All that is wanted is the line with "P7:2024.11.06,NT检查,头" and each line after it to the end of the data below, set down exactly and without pictures.

_Provided entries_

++++++++++++++++++++

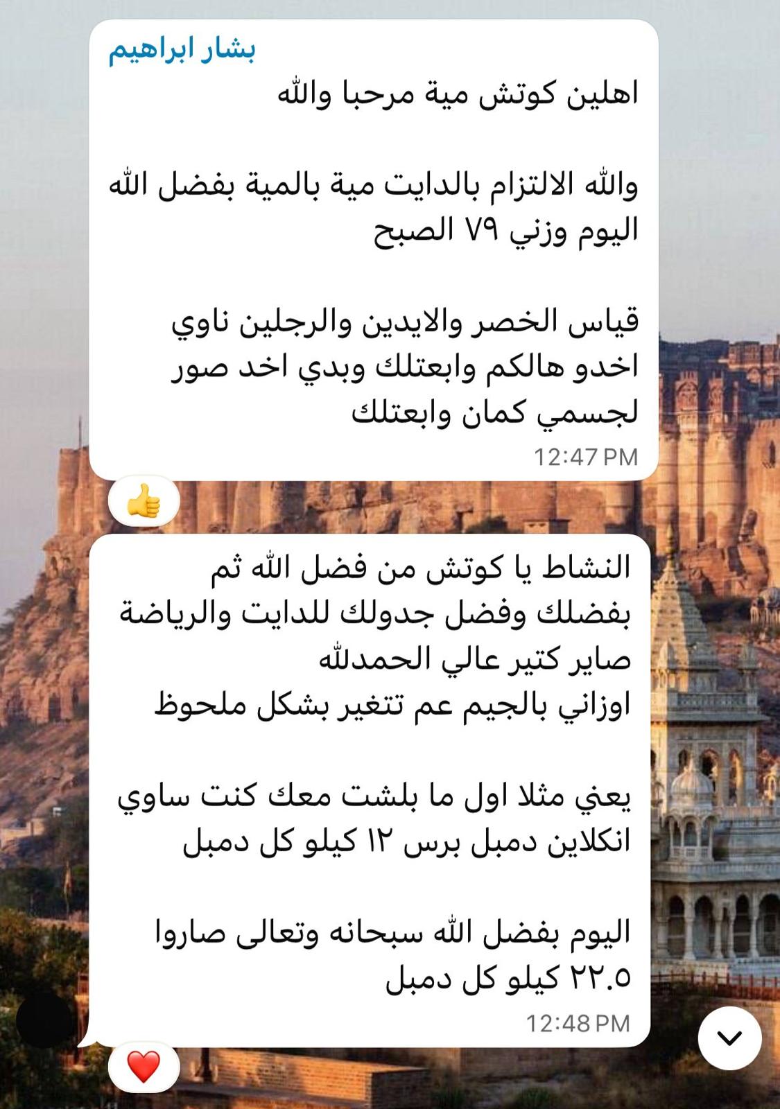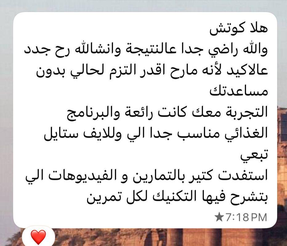 الدهون العنيدة ببطني كانت مسببتلي مشكلة نفسية, وكل ما بشوف نفسي على المرايه ما بيعجبني شكل بطني ، بس مع تشجيع الكوتش أحمد والتزامي بالخطة و الاستمرارية عليها قدرت اتخلص من هي الدهون و وأوصل لهدفي وأغير شكل جسمي كلياً
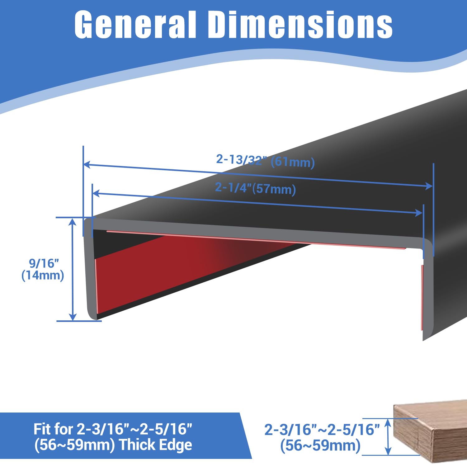 Application: The edge trims can used to cover the edges of all the sheet parts to prevent people been hurt by the shape edges, it can fit edge from 2-3/16" to 2-5/16".
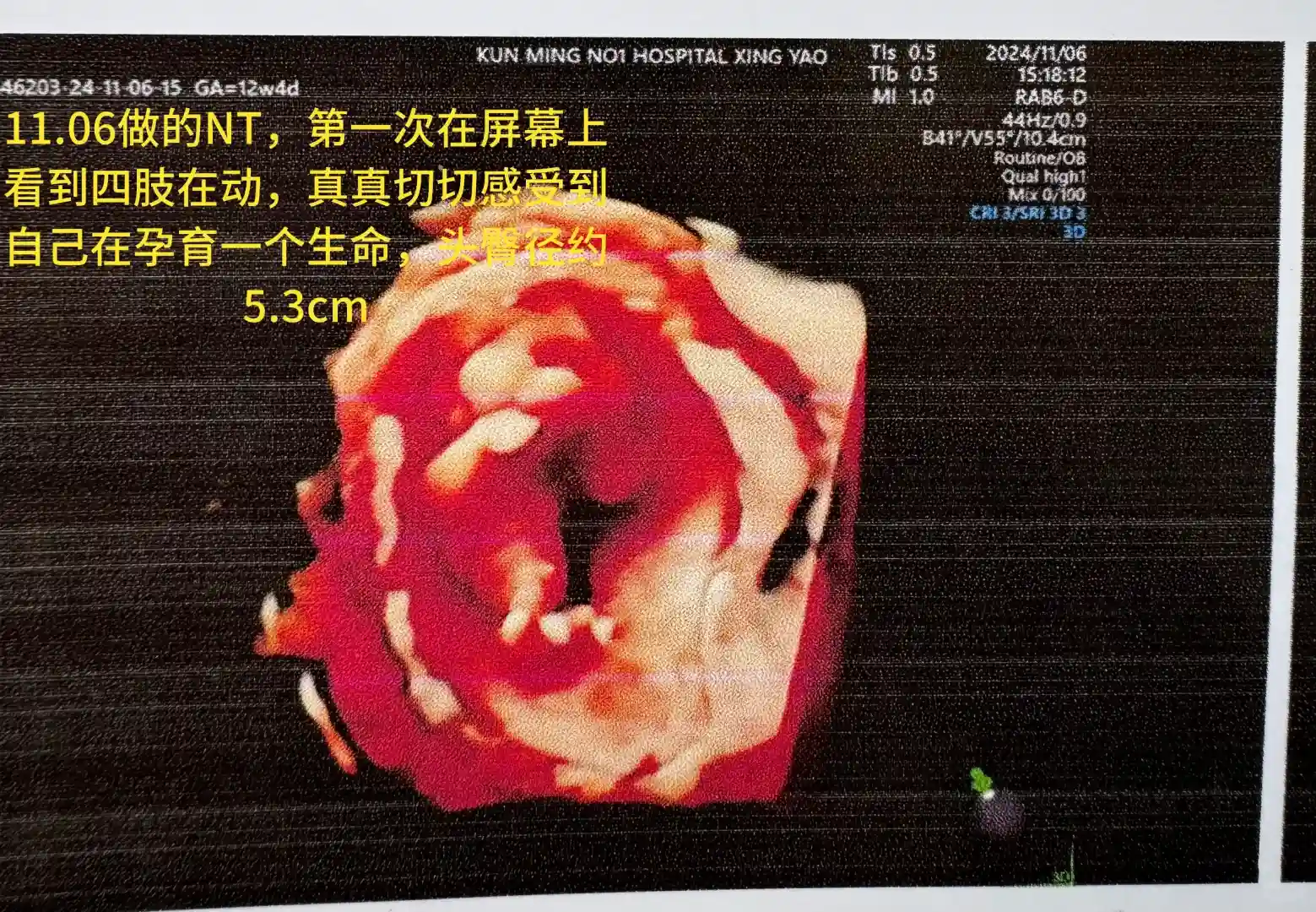 P7:2024.11.06,NT检查,头臀径5.3cm,末次月经8.10,月经龄12W+4D,但B超结果12W+0D,偏小4天,医生说可能是排卵期有点晚(8.29排卵),还有左侧子宫动脉血压高也会引起胎儿偏小,开了阿司匹林控制血压。胎盘位置也有点低。
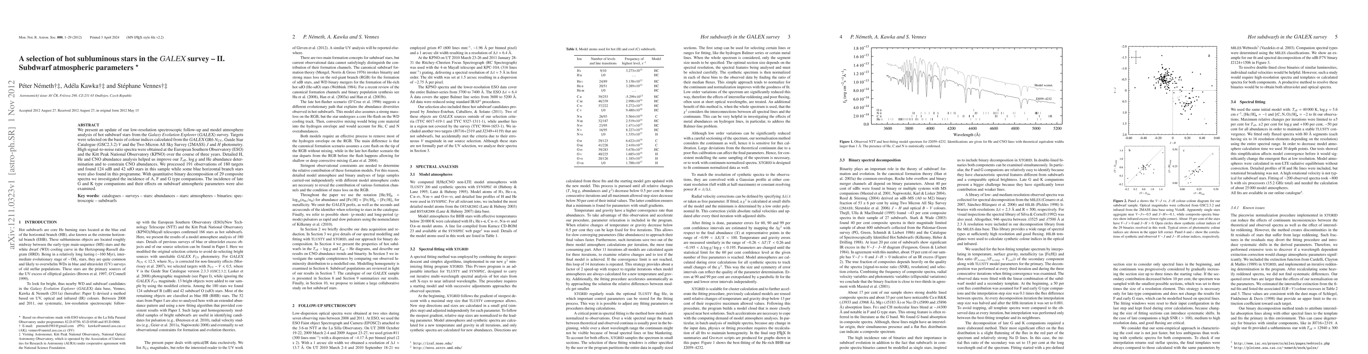 This paper updates spectroscopic follow-up and model atmosphere analysis of hot subluminous stars from the GALEX survey, revealing 124 sdB and 42 sdO stars. It investigates the atmospheric parameters and binary companions of these stars, with a focus on H, He, and CNO abundances.
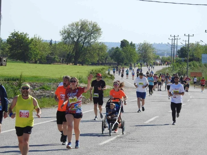 7. Uluslararası Edirne Maratonu’nda 16 aylık bebeği ile katılan bir anne ile savaşın yerini barışın alması için beyaz takım elbiseyle katılan sporcular maratonun ilgi odağı oldu.
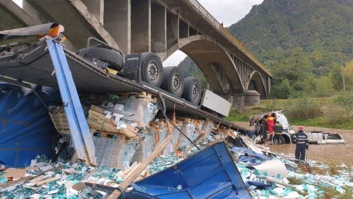 Imagini de coşmar, surprinse marţi, pe Valea Oltului. Un camion plin cu marfă a căzut de la zeci de metri…
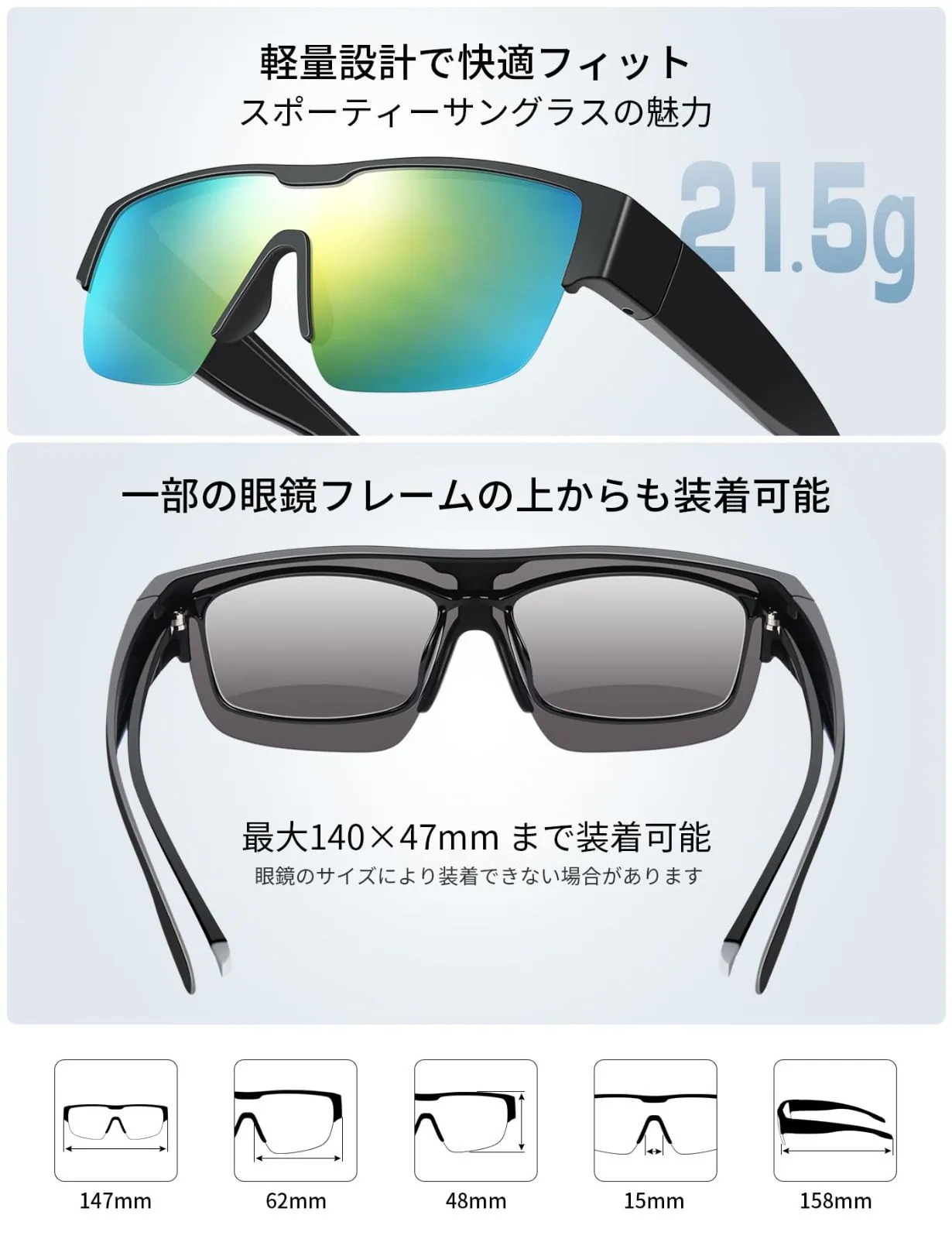 【近視対応・一部眼鏡フレーム対応】 最大140×47mmまでの眼鏡フレームの上からも装着可能。普段メガネをかけている方でも手軽にUV対策が可能です。軽量設計で快適フィットを実現し、長時間の使用でも負担を軽減します。

++++++++++++++++++++

_Solution for this problem_
 P7:2024.11.06,NT检查,头臀径5.3cm,末次月经8.10,月经龄12W+4D,但B超结果12W+0D,偏小4天,医生说可能是排卵期有点晚(8.29排卵),还有左侧子宫动脉血压高也会引起胎儿偏小,开了阿司匹林控制血压。胎盘位置也有点低。
 This paper updates spectroscopic follow-up and model atmosphere analysis of hot subluminous stars from the GALEX survey, revealing 124 sdB and 42 sdO stars. It investigates the atmospheric parameters and binary companions of these stars, with a focus on H, He, and CNO abundances.
 7. Uluslararası Edirne Maratonu’nda 16 aylık bebeği ile katılan bir anne ile savaşın yerini barışın alması için beyaz takım elbiseyle katılan sporcular maratonun ilgi odağı oldu.
 Imagini de coşmar, surprinse marţi, pe Valea Oltului. Un camion plin cu marfă a căzut de la zeci de metri…
 【近視対応・一部眼鏡フレーム対応】 最大140×47mmまでの眼鏡フレームの上からも装着可能。普段メガネをかけている方でも手軽にUV対策が可能です。軽量設計で快適フィットを実現し、長時間の使用でも負担を軽減します。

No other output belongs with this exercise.